Une passion pour Cluny
Lors de cette vente spécialisée, on faisait une véritable découverte avec ce rarissime tableau-reliquaire du XIVe siècle, modifié par la suite en « baiser de paix ». Précisons d’emblée qu’il s’agissait de l’un des derniers reliquaires de cette haute qualité à apparaître sur le marché. La technique, très précieuse, est celle des émaux translucides sur argent de basse-taille. Ce procédé, bien qu’originaire de la Toscane du XIIIe siècle, devient au siècle suivant l’apanage des ateliers de certaines cours princières et, en premier lieu, de celle de Paris. De telles pièces d’orfèvrerie faisaient l’objet de commandes royales, mais constituant également une réserve métallique importante, elles ont presque toutes disparu. Sur un support d’argent sculpté en très bas relief, une couche d’émail translucide laisse deviner les motifs sous-jacents. De petits rubis et saphirs agrémentent le cadre entourant la scène centrale. Le Christ y est représenté en croix, seulement vêtu du périzonium, sur un fond bleu d’où se détachent les instruments de la Passion : la colonne de la Flagellation, le fouet, les verges, la lance terminée par une éponge, le bassin, la tunique, le voile de Véronique, le calice où coule le sang de la plaie du Sauveur, et l’hostie. Toute cette iconographie spécifique indique que le reliquaire s’inscrit dans le culte de l’Eucharistie, comme le confirme l’inscription sur le phylactère qui domine la scène : «Toutes les fois que vous mangerez ce pain et que vous boirez de ce calice, vous annoncerez la mort du Seigneur.» On peut aussi imaginer que les petites niches, abritées par les édicules latéraux ou la croix évidée, abritaient des fragments de reliques, non seulement de la Vraie Croix, mais aussi des autres éléments de la Passion tels que l’éponge, ou la colonne de la Flagellation. Le dessin remarquable du visage souffrant du Christ indique nettement une influence du grand Jean Pucelle, enlumineur mais aussi orfèvre à la cour de Charles IV. Il pourrait donc s’agir d’une commande du monarque. Un chef-d’œuvre, dans tous les cas, que le musée de Cluny a préempté au prix justifié de 450 000 €.
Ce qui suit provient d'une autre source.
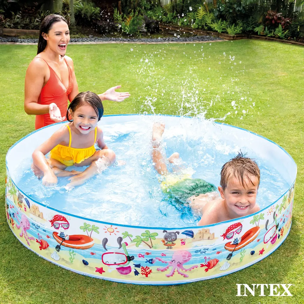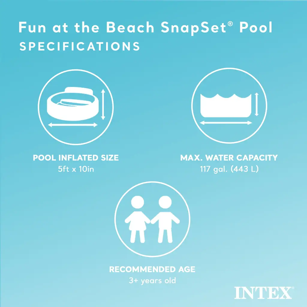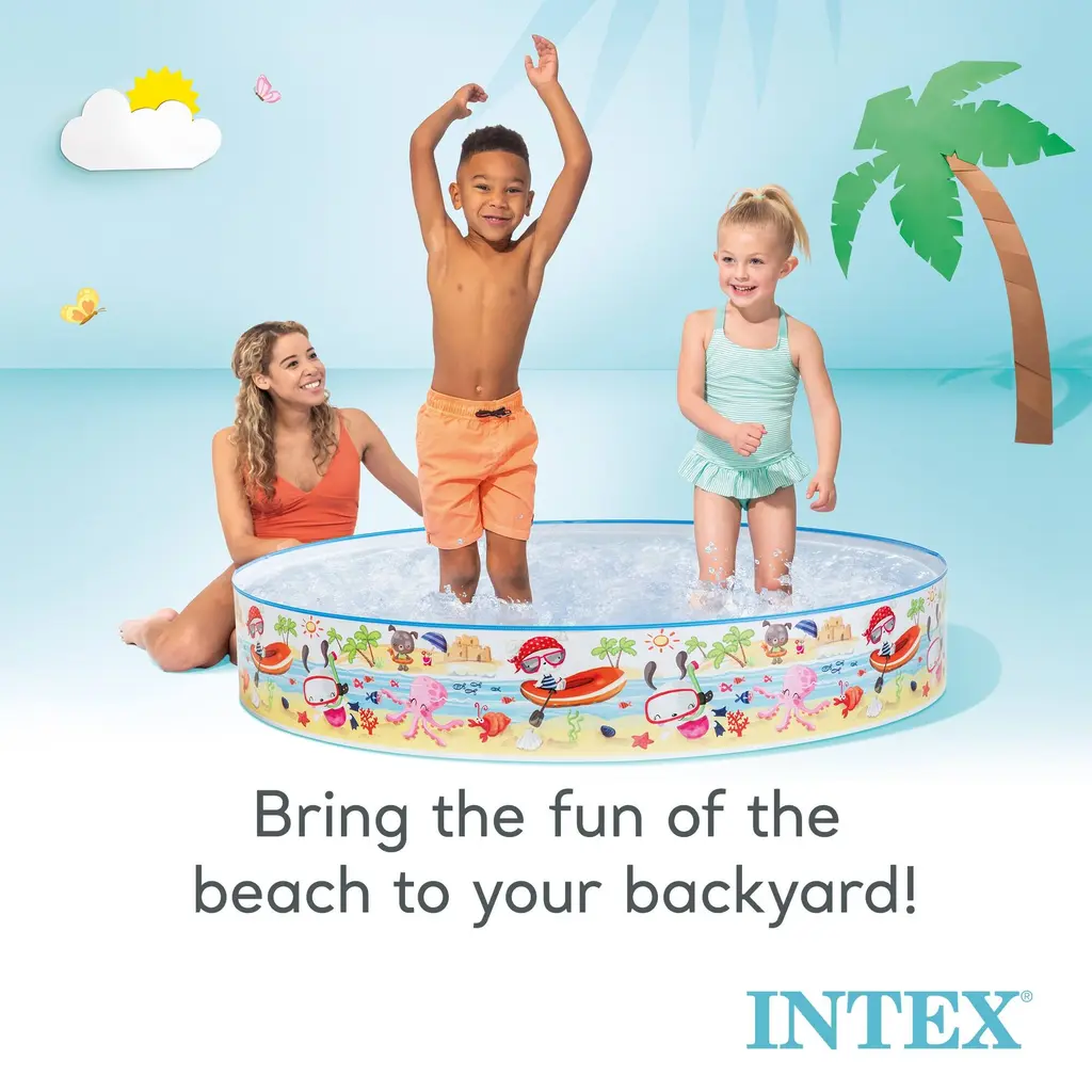 Take a splash in the Beach Days Snapset Pool from INTEX! Remarkably easy to setup, the Beach Days Snapset Pool requires no air inflation. Simply fill with water and your little ones will be splashing and playing in minutes. Bring all the fun of the beach to your backyard and enjoy the colorful beach graphics with the Beach Days Snapset Pool from INTEX. Fast and easy relief from the summer sun The Beach Days Snapset Pool requires no air inflation Assembled Dimensions: 60" x 10" Allows for 9.5" of water 119 gallon (450 L) capacity Includes repair patch Care and Cleaning: easy to wipe clean Ages: 3+ Product Weight: 2.8 lbs Part Number: 56451EP Warranty: 30 day manufacturer warranty against product defects; Warranty does not cover tears, punctures or holes
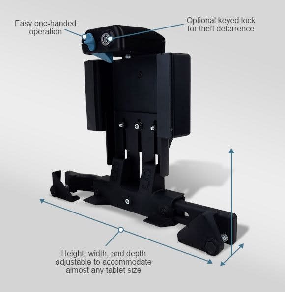 Designed and tested to MIL-STD 810G shock and vibration standards, the company says the cradle is rugged enough for your mobile work environment. Combine the Universal Tablet Cradle with Gamber-Johnson mounting equipment to build a complete mobile tech solution for your needs.

Alençon, Samedi 6 février.
Orne Enchères SVV. M. Bresset.
Léonard Tsuguharu Foujita (1886-1968) et René Héron de Villefosse (1903-1985), La Rivière enchantée, in-folio, Paris, Bernard Klein, 1951, illustré de 27 eaux-fortes hors texte.
Frais compris : 42 500 €.
Foujita l’enchanteur
Considérée comme l’œuvre illustrée la plus accomplie de Léonard Tsuguharu Foujita, et publiée à l’occasion de son 65e anniversaire, La Rivière enchantée avait tout pour plaire et réaliser une jolie enchère. Les 34 000 € prononcés sur cet exemplaire, l’un des 200 numérotés sur grand vélin d’Arches, l’ont donc été en toute logique. Elle est l’aboutissement d’une longue liste de livres illustrés par le plus parisien des peintres japonais – et le plus japonais des peintres parisiens ! – à partir de 1919, depuis les Quelques poèmes de Komaki Ohmia et Rabindranath Tagore jusqu’aux écrits de Guillaume Apollinaire, en passant par Paul Claudel, Pierre Louÿs, Pierre Loti, Jean Giraudoux, Youki Desnos, Jean Cocteau et Léon-Paul Fargue… parmi tant d’autres. Ses dessins, qui allient selon ses propres mots «la rigueur du trait japonais à la liberté de Matisse», conviennent parfaitement à la délicate technique de l’illustration. Il y déploie à la fois le contour subtil à l’encre noire qui a fait sa spécificité, entre tradition et modernité, et ses thèmes de prédilection : les portraits de femmes, de fillettes, les chats et les autoportraits. Foujita est un touche-à-tout de génie, une personnalité incontournable du Montparnasse de l’entre-deux-guerres, tant par son talent que par son goût inné de la fête et de l’amitié. Le 14 février 1950, il retrouve Paris, après une longue absence et des années de guerre éprouvantes au Japon. Sa carrière redémarre, l’artiste renouant avec ses anciens marchands et avec le succès. Mais, prêt pour un nouveau départ, il se tourne vers le christianisme. Tsuguharu, qui signifie «héritier de la paix», devient Léonard, en hommage à de Vinci.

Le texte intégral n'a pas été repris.